My suspicion is with the connection string to crystal reports. It may be "broadcasting" something different on each session. I haven't got a clue why it would do this and I am sort of hoping that it isn't.

Let us know if what the tests reveal and then maybe we can figure out the next step.

----------


## Cristian888

In Crystal, I'm connecting directly to our SQL Server database, every time I refresh I just enter the database password

1.jpg

Those are the same credentials I'm working with when I establish the connection in Excel

_Let's start with MS-Query. How are you building the query in Excel?_
Data > From Other Sources > From Microsoft Query > I gave the data source a name > Selected SQL Server under "Select a driver for the type of database you want to access" > Connect > I selected the appropriate Server > Logged in with the database username and password

Here's a fresh connection string and command string for a newly created query that refreshes correctly:

Connection String:

DRIVER=SQL Server;SERVER=SERVER\E2;UID=sa;;APP=Microsoft Office 2013;WSID=CRISTIAN-PC;DATABASE=Euroline

Command Text:

SELECT DISTINCT TimeTicketDet.TicketDate, OrderDet.PartNo, TimeTicketDet.WorkCntr, OrderDet.UnitPrice, TimeTicketDet.PiecesFinished, (OrderDet.UnitPrice * TimeTicketDet.PiecesFinished) 
FROM Euroline.dbo.OrderDet INNER JOIN Euroline.dbo.TimeTicketDet ON euroline.dbo.orderdet.jobno = euroline.dbo.timeticketdet.jobno
WHERE (TimeTicketDet.TicketDate=cast(getdate() as date)) AND TimeTicketDet.PiecesFinished IN (0,1)
ORDER BY TimeTicketDet.WorkCntr

After closing and reopening workbook:

Connection String:

DRIVER=SQL Server;SERVER=SERVER\E2;UID=sa;APP=Microsoft Office 2013;WSID=CRISTIAN-PC;DATABASE=Euroline

Command Text:

SELECT DISTINCT TimeTicketDet.TicketDate, OrderDet.PartNo, TimeTicketDet.WorkCntr, OrderDet.UnitPrice, TimeTicketDet.PiecesFinished, (OrderDet.UnitPrice * TimeTicketDet.PiecesFinished) 
FROM Euroline.dbo.OrderDet INNER JOIN Euroline.dbo.TimeTicketDet ON euroline.dbo.orderdet.jobno = euroline.dbo.timeticketdet.jobno
WHERE (TimeTicketDet.TicketDate=cast(getdate() as date)) AND TimeTicketDet.PiecesFinished IN (0,1)
ORDER BY TimeTicketDet.WorkCntr


I'm incapable of creating a new connection in the reopened workbook, the From Other Sources > From Microsoft Query button does nothing.  I can select it, but just like the refresh button, nothing happens

So the Command Text is the same for both, the Connection String is different, there's an ommited ; in the reopened file.  I tried typing it in and hit Okay, but the Okay button doesn't close the window.  I can hit the button, but again, it just acts like a dummy button.  Only when I delete the second ; will it allow me to hit Okay

----------


## Cristian888

I may have a bit more information

So I downloaded Power Query and low and behold, the same thing happens

Power Query is very nice

However, I'm suffering the same issue, able to refresh while file is open and suddenly, refresh button does nothing upon reopening it.
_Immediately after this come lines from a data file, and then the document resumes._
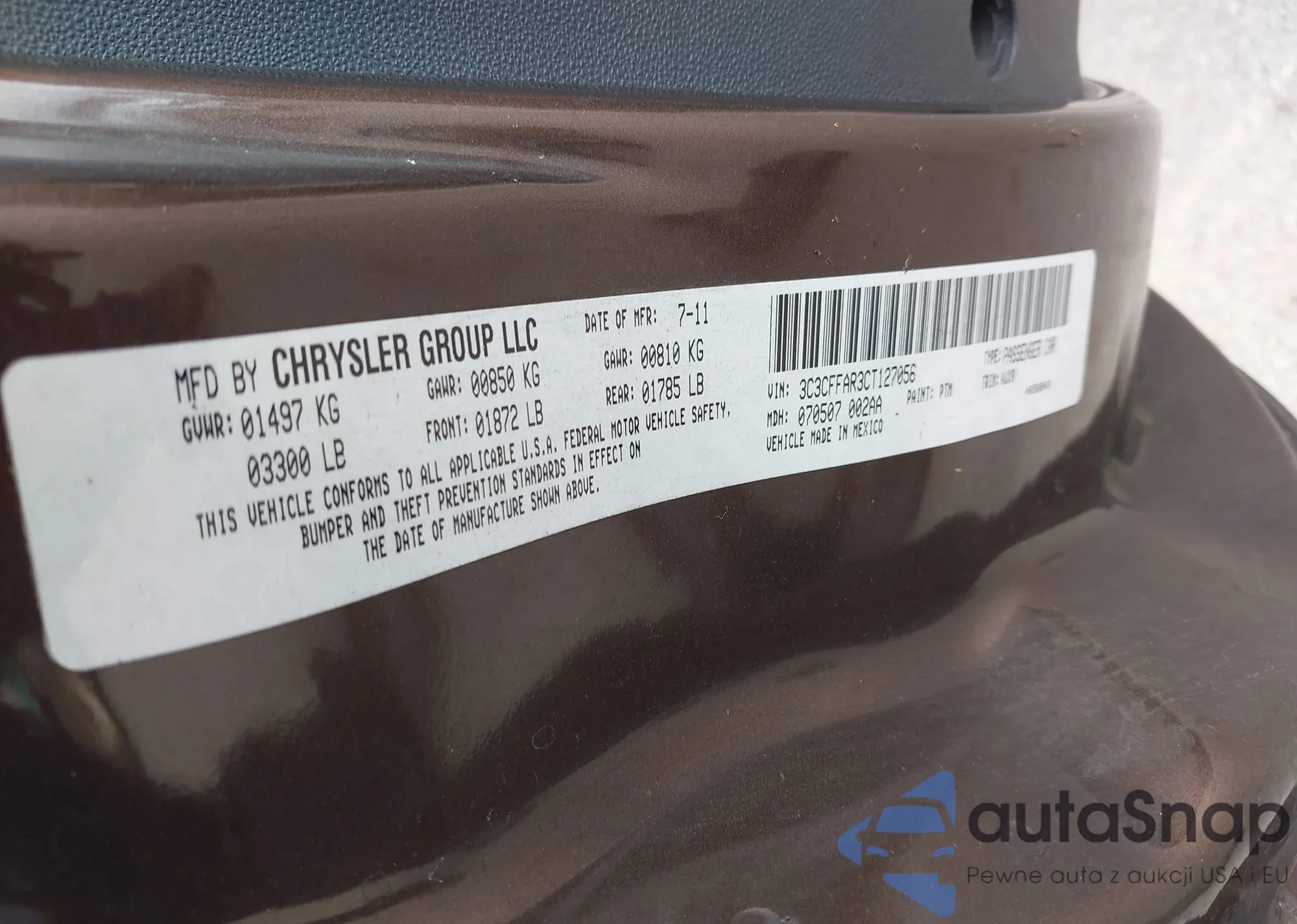 LOT: 42127436 VIN: 3C3CFFAR3CT127056
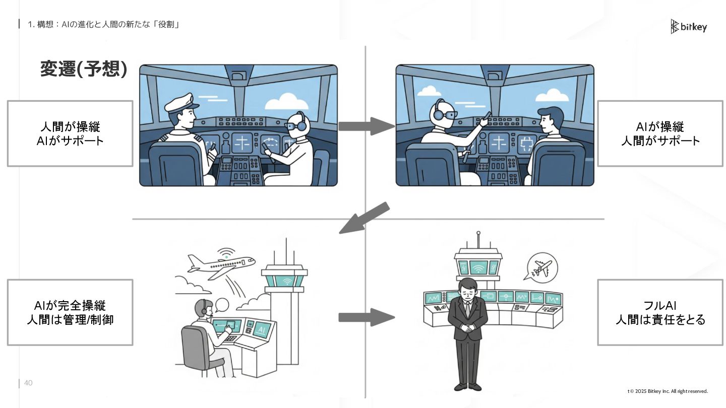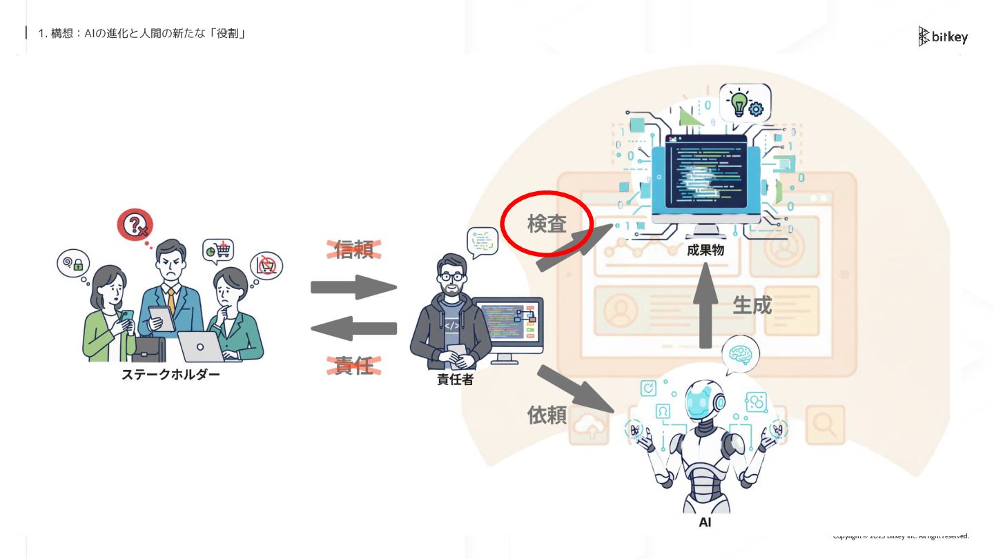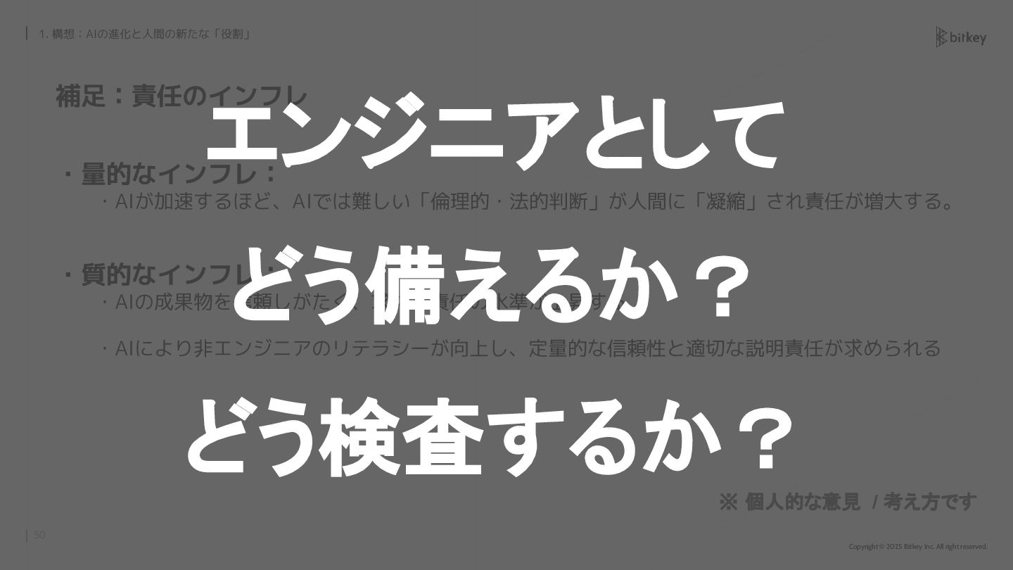 ・量的なインフレ:   ・AIが加速するほど、AIでは難しい「倫理的・法的判断」が人間に「凝縮」され責任が増大する。 ・質的なインフレ:   ・AIの成果物を信頼しがたく、求める責任の水準が上昇する   ・AIにより非エンジニアのリテラシーが向上し、定量的な信頼性と適切な説明責任が求められる ※ 個人的な意見 / 考え方です 1. 構想:AIの進化と人間の新たな「役割」 エンジニアとして どう備えるか? どう検査するか?
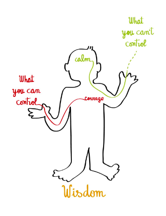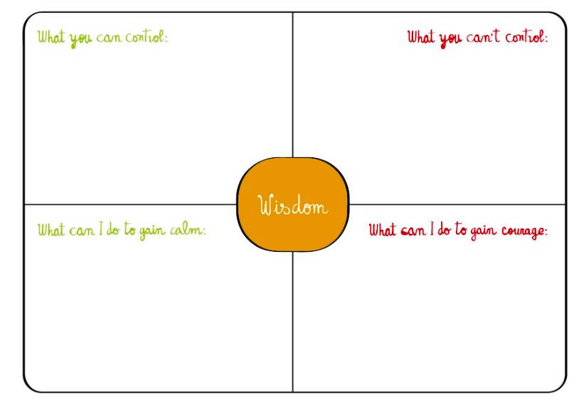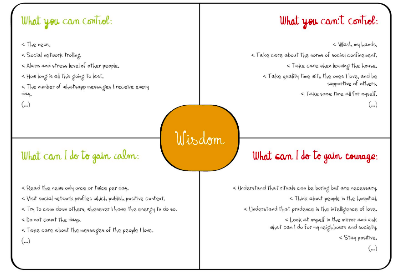 It is possible to summarize the strategy of Good Circulation of Wisdom in a scheme, where you can list all the things that you cannot control, and what you can do to get calm; and all the things that you can control, and what can be done to gain courage.
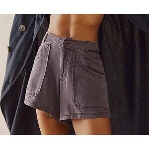 Chic charcoal shorts by Free People. Features front pockets and belt loops. Ideal for everyday style.
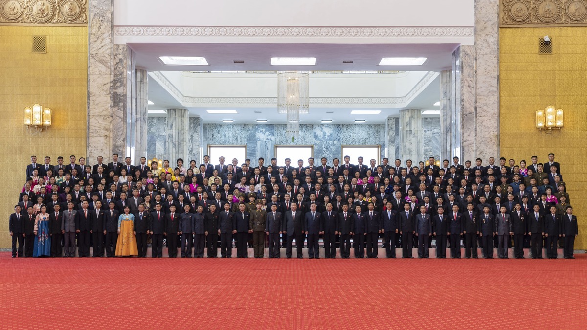 Уважаемый товарищ Ким Чен Ын с передовиками труда и заслуженными работниками, приглашенными на торжества в честь Дня Конституции КНДР и новогодние праздничные мероприятия. Декабрь 2025 г.
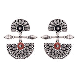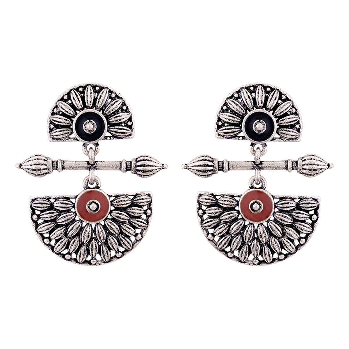 Lightly embellished brass drop earrings with oxidized silver plating. Good for casual wear. This piece of jewelry comes with the Voylla assurance of quality and durability.
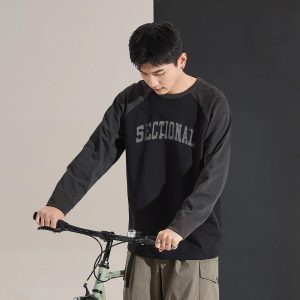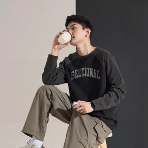 Long-sleeved T-shirt Men’s Autumn Men’s Long-sleeved T-shirt Top Men’s Round Neck Front Chest Text Printed Raglan Sleeve T-shirt
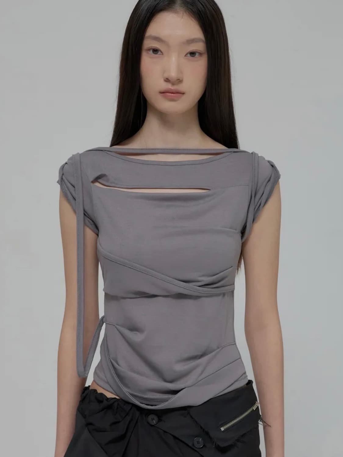 플레어업 티셔츠 Draped Strap Roll-Up T-Shirt
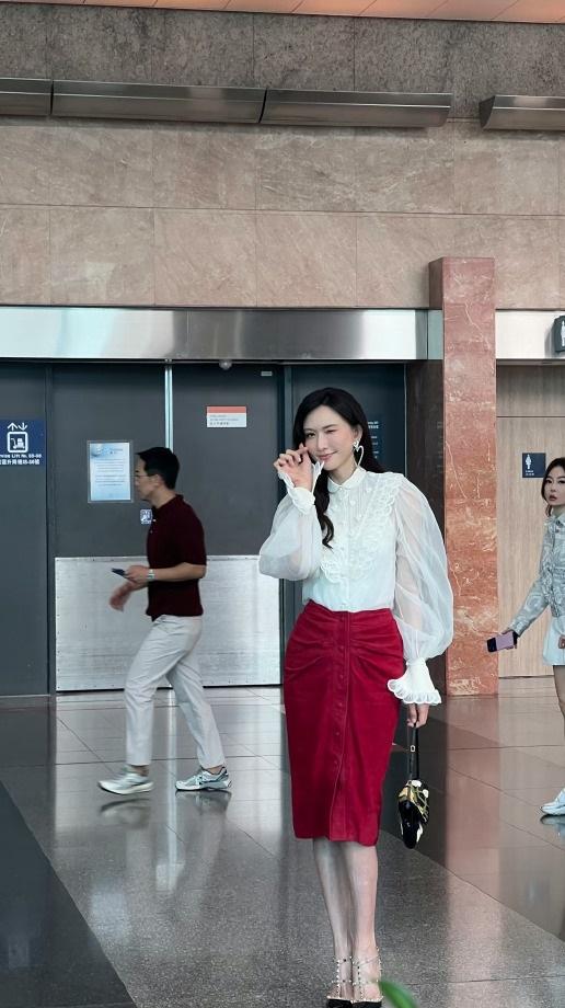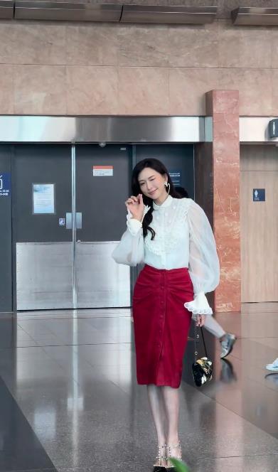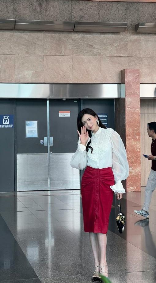 今天林志玲现身香港,她这次搭配的好靓丽,看起来年轻又迷人,似乎恢复了往日的风采。 林志玲上身穿白色衬衣,这件衬衣上有漂亮的荷叶边,下身穿红色裙子,凸显出了完美的身材比例。 她脚踩黑色铆钉高跟鞋,彰显出俏丽之美,也很有国际超模风采。 林志玲这次特意拉高了腰线,让她彰显出了完美的身材比例,真的好迷人。 林志玲留着漂亮的披肩长发,还画着精致的妆容,宛如一个超美的少女,确实是太美了。她仿佛是逆龄生长了,越变越有吸引力了。
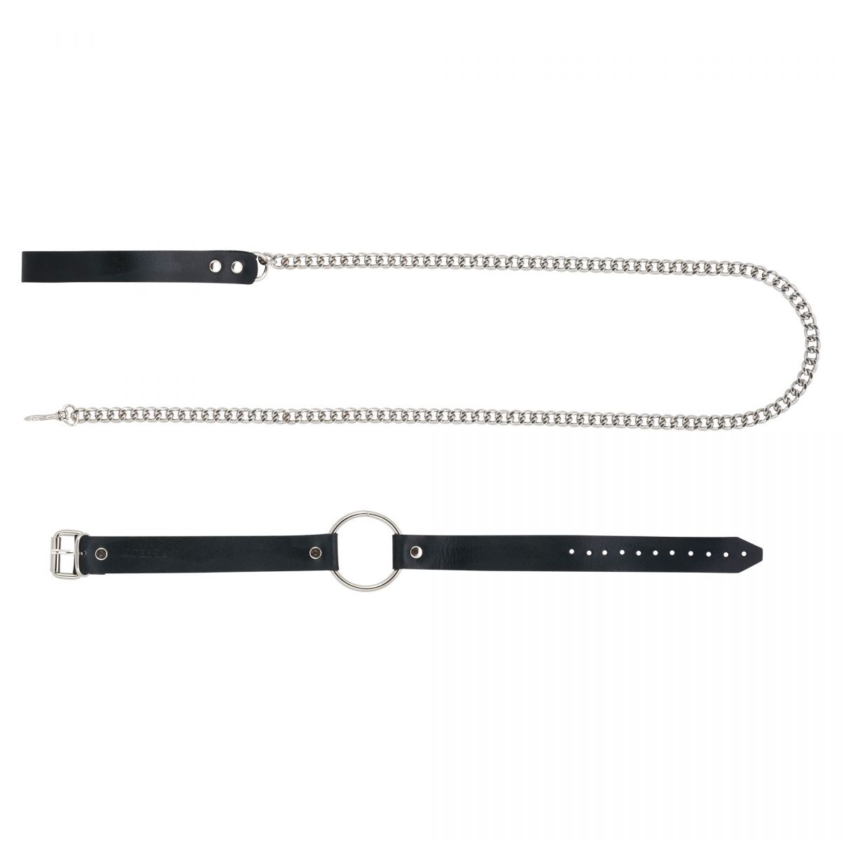 Металлический поводок с кожаной ручкой и чокер с кольцом идеально подходит для контроля над партнером. Пристегните поводок к чокеру и дайте волю своему воображению. Чокер также можно носить как отдельный аксессуар. Длина чокера - 52 см., ширина - 2,5 см. Длина цепочки - 100 см., внешний диаметр кольца - 6 см., диаметр отверстия - 5 см.
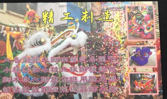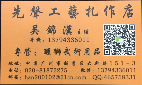 What they sell: Everything lion dance, dragon dance, unicorn dance related items. Lion heads- southern and northern lions, drums, gongs, cymbals, stands and carts, flags, dai tou fut, weapons, parts for lions (fur, beard, pom poms, eyes, mirrors etc).
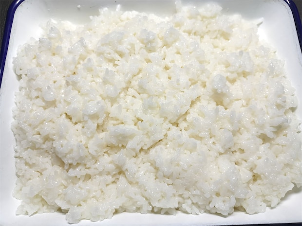 4. 広げたご飯に2のすし酢を振りかけて混ぜ、冷ましておきます。
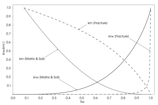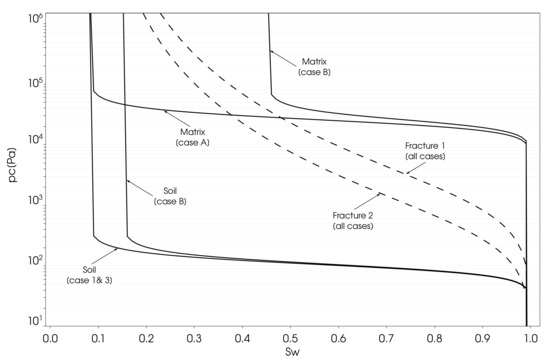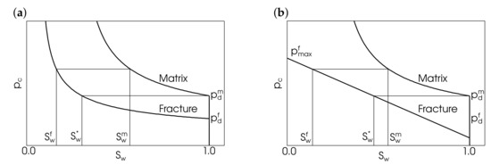 where, stands for the threshold saturation at which capillary pressure in the fracture reaches the entry pressure of the matrix, Figure 2. If the wetting-phase saturation in the fracture is below this threshold value, the capillary pressure in the fracture is higher than the entry pressure of the matrix, and the first condition of (8) is enforced so that capillary pressure is continuous across the interface. When the fracture saturation is higher than the threshold value and capillary pressure in the fracture is smaller than the entry pressure of the matrix, the non-wetting phase cannot leave the fracture. However, this capillary barrier does not stop the flow in the opposite direction. In this situation, capillary pressure is discontinuous across the interface. If matrix and fracture share the same entry pressure, capillary pressure is always continuous across the interface.
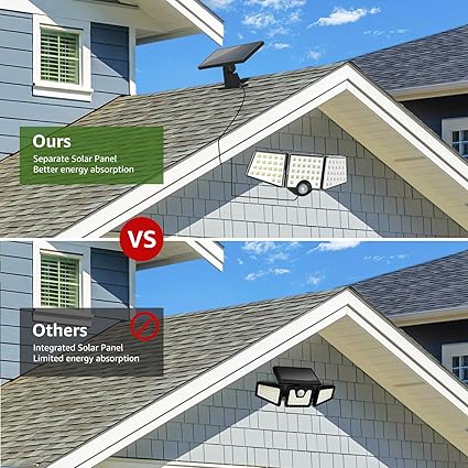 - Wide Lighting, Ultra Bright – Lepro outdoor solar light adopts 72 ultra bright LEDs and 3 adjustable heads, which brings 1000lm high brightness 6500K daylight. The 3 light heads can be adjusted vertically and horizontally to achieve 270° wide lighting angle. This outdoor solar light can illuminate larger areas and spare you the effort of installing two extra lights on different sides.
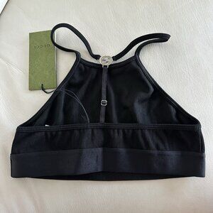 NWT GUCCI RIBBED TOP BLACK LOGO CROPPED SZ S 100% Authentic
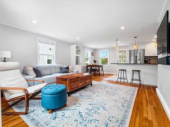 A fantastic Roslindale gem! This captivating Cape-style home has undergone a complete transformation in 2017 resulting in a magnificent living space. Additionally, a second floor was added in 2021, expanding its footprint. The open concept layout seamlessly connects the kitchen, living, and dining spaces. The kitchen area boasts exquisite granite countertops, sleek porcelain tiles, and stainless steel appliances, and is enhanced with recess and pendant lighting, as well as a generous breakfast bar, providing both functionality and style. The second floor features a remarkable master bedroom with a massive walk-in closet, along with a second bedroom, both of which are accompanied by a double vanity bath, complete with a large walk-in shower. New systems from 2017 include central A/C, gas heating, plumbing and updated electrical. The basement is ready to be finished offering even more living space! The yard is an urban oasis with an ample deck and fenced in back yard.
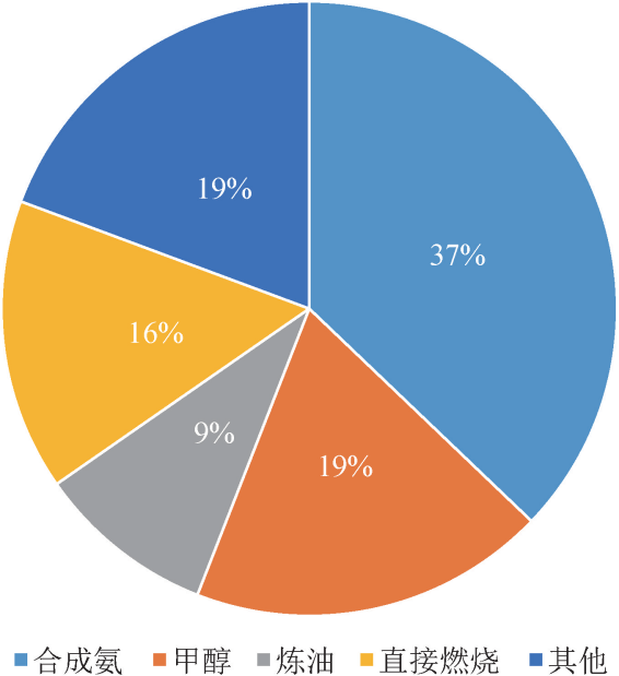 由圖3可以看出,據莫尼塔研究分析[3],2017年我國氫氣消費量超過2500萬t,基本全部用于工業.其中, 生產合成氨用氫占比為37%、甲醇用氫占比為19%、煉油用氫占比為10%、直接燃燒占比為15%. 在合成氨和甲醇生產過程中, 需要使用氫氣與氮氣或一氧化碳發生反應,而氫氣則由煤炭、天然氣等化石能源制成.在煉油過程中,需要使用氫氣對油品進行加氫裂化、加氫精制等處理,以獲得更多高附加值產品.此外在發電行業、食品加工行業、電子器械制造業等行業,也會使用氫氣作為生產原料或保護氣.總之,工業領域主要將氫氣作為原料來使用,而并非能源,氫氣扮演的依舊是工業原料的角色.
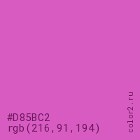 Цвет #D85BC2 в цветовой модели RGB обозначается тремя октетами (216, 91, 194) в десятичном формате и #D85BC2 в шестнадцатиричном (hex) формате, которые являются интенсивностью красного 216 (hex D8), интенсивность зелёного 91 (hex 5B) и интенсивность синего 194 (hex C2).
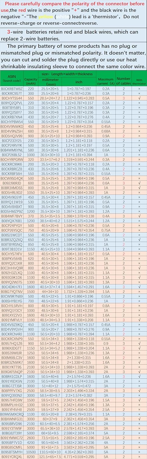 Please carefully compare the polarity of the connector before use,★the red wire is the positive “+” and the black wire is the negative “-“Yellow is thermistor “NTC”,Do not reverse-charge or reverse-connectreverse. ★The primary battery of some products has no plug or mismatched plug or mismatched polarity. It doesn’t matter, you can cut and solder the plug directly or use our heat shrinkable insulating sleeve to connect the same color wire.
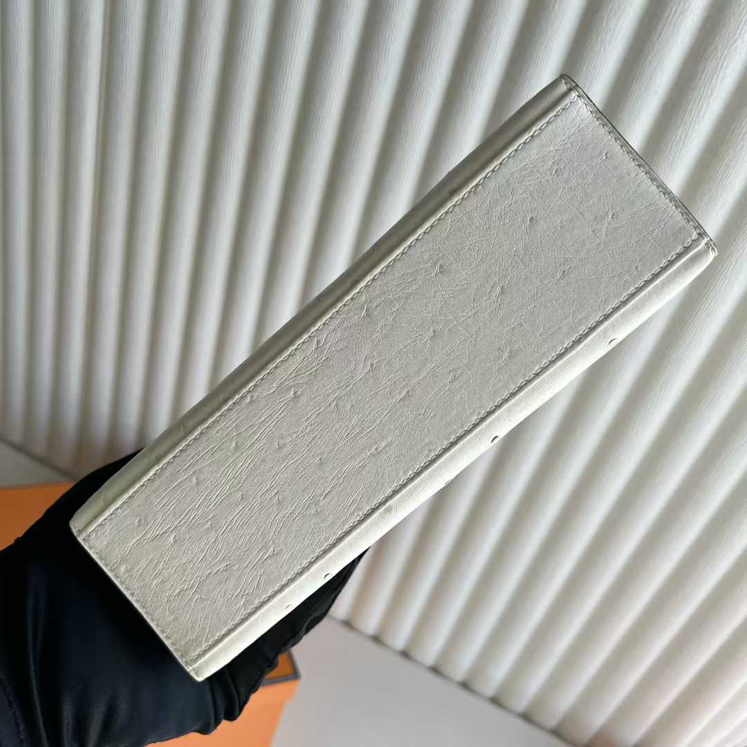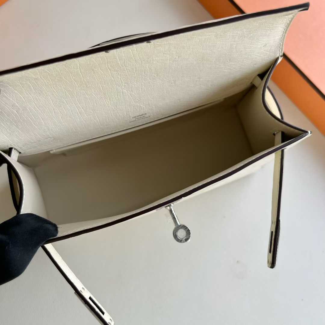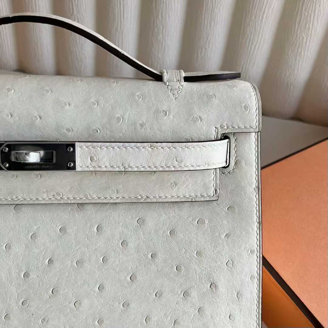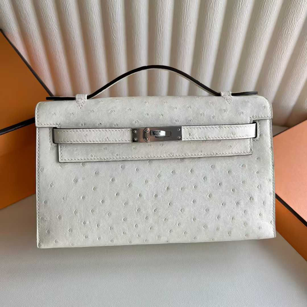 Uncle Bench Yupoo Mini Kelly Pochette Ostrich Leather I2 Cream White Silver Hardware 22cm Full Handmade Phw

I am able to right-click on my table and hit Table > Edit Query. When I edit the query and hit okay, nothing changes, when I reopen the Edit Query window again, I see that my changes were not saved, reverting back to whatever the query was when I last closed the workbook

That's under Table Tools > Design Tab

Under Table Tools > Query, I am able to hit refresh (not sure if this refresh is different that the refresh under Table Tools > Design)

Anyway, when I hit refresh here, I get these messages:

_Enable Connections
External data sources are used to import data into Excel, but connections to external data sources can be used by queries to access confidential information available to other users, or to perform other harmful actions. If you trust the source of this file, click Enable_

So I click enable and I get this message:

_Enable Connections
External data connections couldn't be enabled. If this workbook is embedded in another Office document, you need to manually enable external data connections when opening this workbook from the other Office documents._

I hit close, and that's it, nothing happens

Interestingly, if I try to run a new power query in the reopened workbook, I get those exact same messages regarding enabling connection

----------


## dflak

OK, you're right. It is weird that you can't even modify the connection or do anything else with MS-Query -- that it should be "deactivated" too. 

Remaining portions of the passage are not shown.